Work to complete → The exercise calls for the lines from the one containing "Características Principales Material: Confeccionado" to the end of the data below to be output exactly, pictures excluded.

Given records →
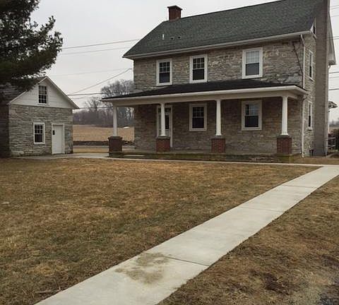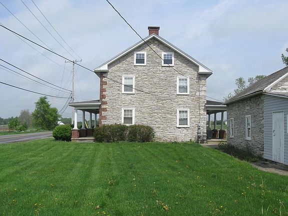 Beautiful stone farmhouse features kitchen with range/refrig/dw/microwave, DR, LR w/propane fireplace, attic for storage, detached garage and summer kitchen for storage.
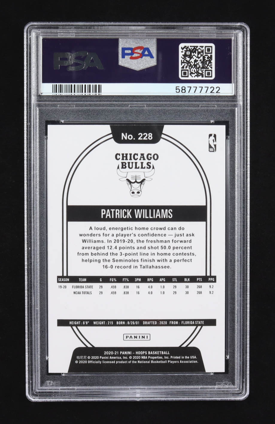 Patrick Williams 2020-21 Hoops #228 RC (PSA 10)
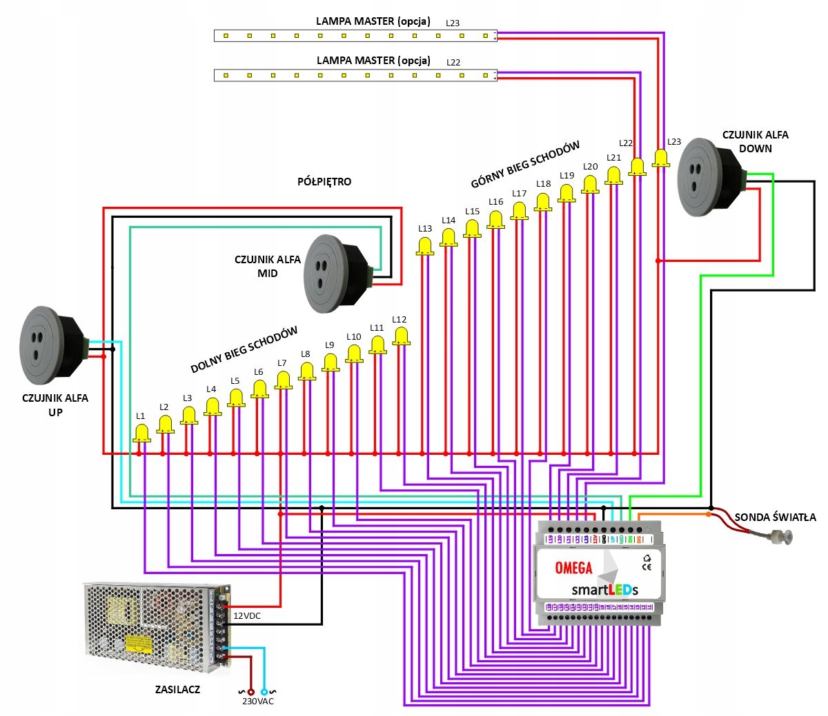 Датчики ALFA та DELTA smartLEDs є єдиними відомими нам датчиками, які дійсно придатні для виявлення руху на сходах. Вони були розроблені нами у відповідь на прогалину на ринку в цій галузі та на 100% виробляються в Польщі. Це активні дифузійні оптичні датчики, що працюють в інфрачервоному світлі, невидимому для ока. Вони мають одноелементну конструкцію, чітко визначений регульований діапазон, вузький кут виявлення та відхилений оптичний шлях, що усуває відбиття. Доступні 2 режими роботи забезпечують правильну роботу незалежно від того, відкриті чи закриті сходи (проходи) з білою стіною навпроти. Невеликі розміри дозволяють непомітно встановити, а також є можливість вибрати колір кришки датчика. Датчики мають дуже хороше співвідношення ціни та якості.
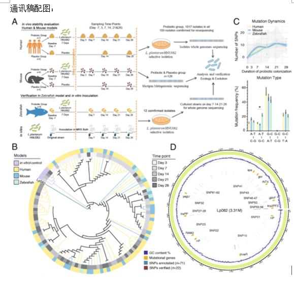 2021年7月1日,BB贝博艾弗森原官方网站与加州大学Rob Knight 实验室和哈佛医学院Yang-Yu Liu实验室最新合作研究成果,在微生物领域顶级期刊《Microbiome》(中科院1区TOP期刊, 影响因子 14.65)发表 “Candidate probiotic Lactiplantibacillus plantarum HNU082 rapidly and convergently evolves within human, mice, and zebrafish gut but differentially influences the resident microbiome”,揭示了益生菌在不同宿主肠道选择压力下遗传稳定性及适应性进化规律。
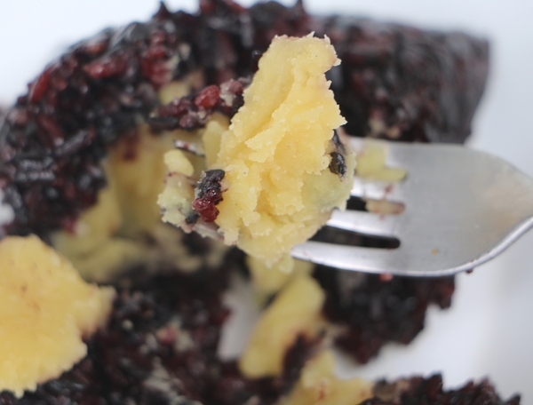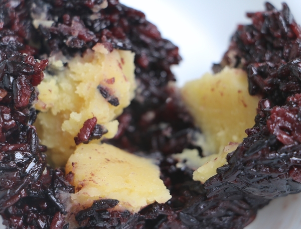將將,一切開是綠豆沙耶!!好驚喜喔,綿綿密密,吃起來甜甜的綠豆蓉搭配健康養生的紫米及糯米,帶出獨特的Q彈口感,外Q內軟,甜而不膩的讓你一口接一口、欲罷不能啊!!
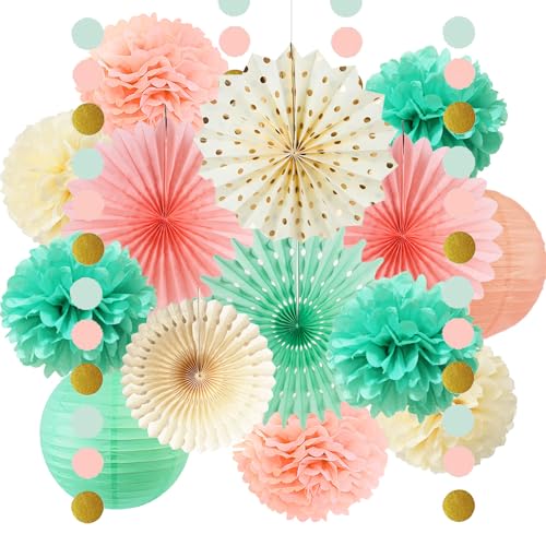 Party Deko Salbeigrün Rosa Seidenpapier Pompoms Deko Grün Rosa Papierfächer Papierlaterne Salbeigrün Papier Girlande für Geburtstagsdeko Babyparty Brautparty Hochzeit Party Deko
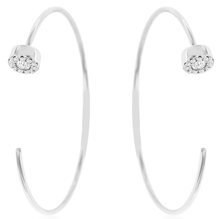 ESTATE 14KT WHITE GOLD FUN HOOP HANGING EARRINGS. 3D FLOWER DESIGN. DIAMONDS ARE F/G COLOR, VSSI CLARITY .20 CARATS. WRITTEN APPRAISAL AVAILABLE. COMES IN A PRESENTABLE GIFT BOX.
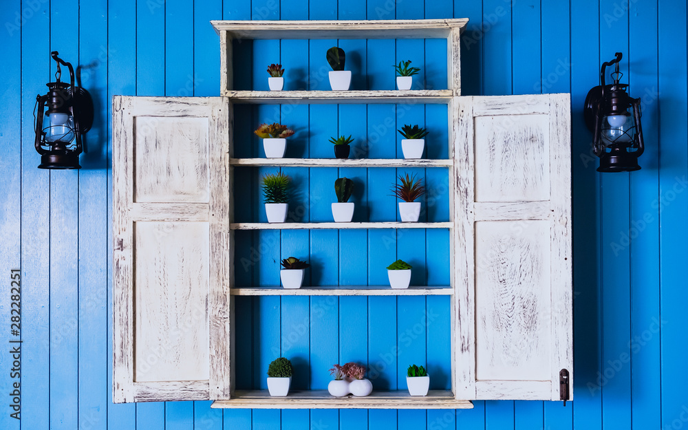 pastel blue wooden wall decorated with small plants on the white shelves with the frame as the window open
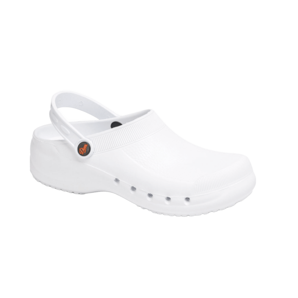 Características Principales Material: Confeccionado en material EVA (acetato de vinilo de etileno), es monocasco, ultraligero y libre de látex. Suela: Cuenta con celdillas de material de caucho en la suela para un mayor agarre, ofreciendo un alto nivel de antideslizamiento (SRC) en todo tipo de suelos. Diseño: Es anatómico, con perforaciones laterales que facilitan la transpiración y evitan la penetración directa de líquidos. Comodidad: Incorpora una planta con micropuntos de masaje que ayudan a estimular la circulación sanguínea. Higiene: Es apto para lavado en lavadora hasta 40º, y algunos modelos son antibacterianos y virucidas. Ajuste: Dispone de una correa posterior abatible que se puede colocar sobre el talón o la pala para un mejor ajuste.
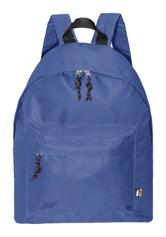 RPET hátizsák cipzáras fő rekesszel, cipzáras első zsebbel, párnázott hát- és vállpánttal. 600D RPET poliészter, megkülönböztető RPET címkével.
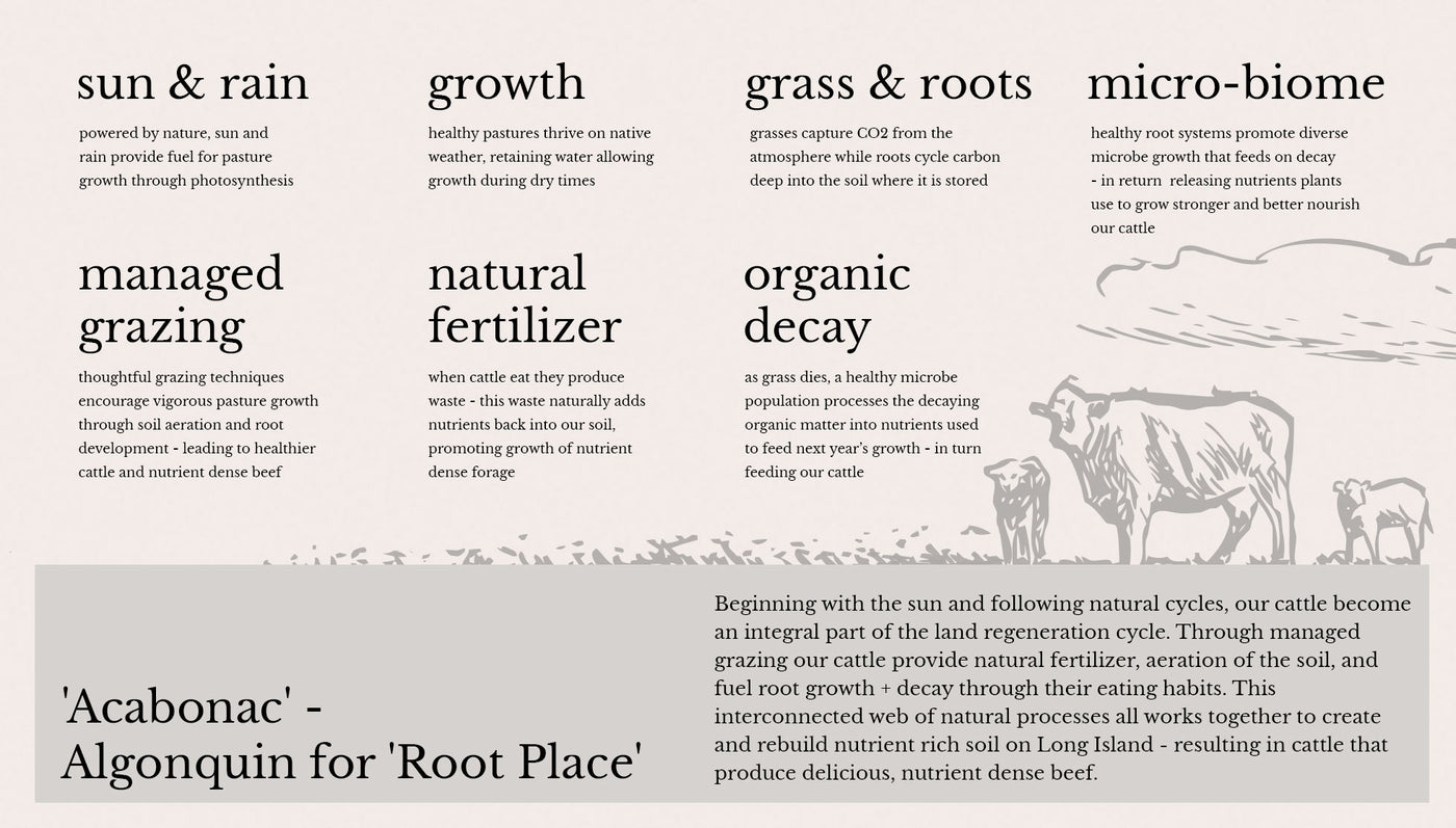Acabonac is an Algonquin word that is very familiar to our hometown of East Hampton, NY. It translates to ‘root place’ and so we thought it was fitting. A place where roots are grown… Acabonac is spelled a number of different ways, most frequently today as ‘Accabonac’. However, old Algonquin texts present the spelling in a number of different ways, including: Accabonac, Acabonac, Accabonuck, Accombommok, Accombomok…. We like them all.

Output below →
 Características Principales Material: Confeccionado en material EVA (acetato de vinilo de etileno), es monocasco, ultraligero y libre de látex. Suela: Cuenta con celdillas de material de caucho en la suela para un mayor agarre, ofreciendo un alto nivel de antideslizamiento (SRC) en todo tipo de suelos. Diseño: Es anatómico, con perforaciones laterales que facilitan la transpiración y evitan la penetración directa de líquidos. Comodidad: Incorpora una planta con micropuntos de masaje que ayudan a estimular la circulación sanguínea. Higiene: Es apto para lavado en lavadora hasta 40º, y algunos modelos son antibacterianos y virucidas. Ajuste: Dispone de una correa posterior abatible que se puede colocar sobre el talón o la pala para un mejor ajuste.
 RPET hátizsák cipzáras fő rekesszel, cipzáras első zsebbel, párnázott hát- és vállpánttal. 600D RPET poliészter, megkülönböztető RPET címkével.
Acabonac is an Algonquin word that is very familiar to our hometown of East Hampton, NY. It translates to ‘root place’ and so we thought it was fitting. A place where roots are grown… Acabonac is spelled a number of different ways, most frequently today as ‘Accabonac’. However, old Algonquin texts present the spelling in a number of different ways, including: Accabonac, Acabonac, Accabonuck, Accombommok, Accombomok…. We like them all.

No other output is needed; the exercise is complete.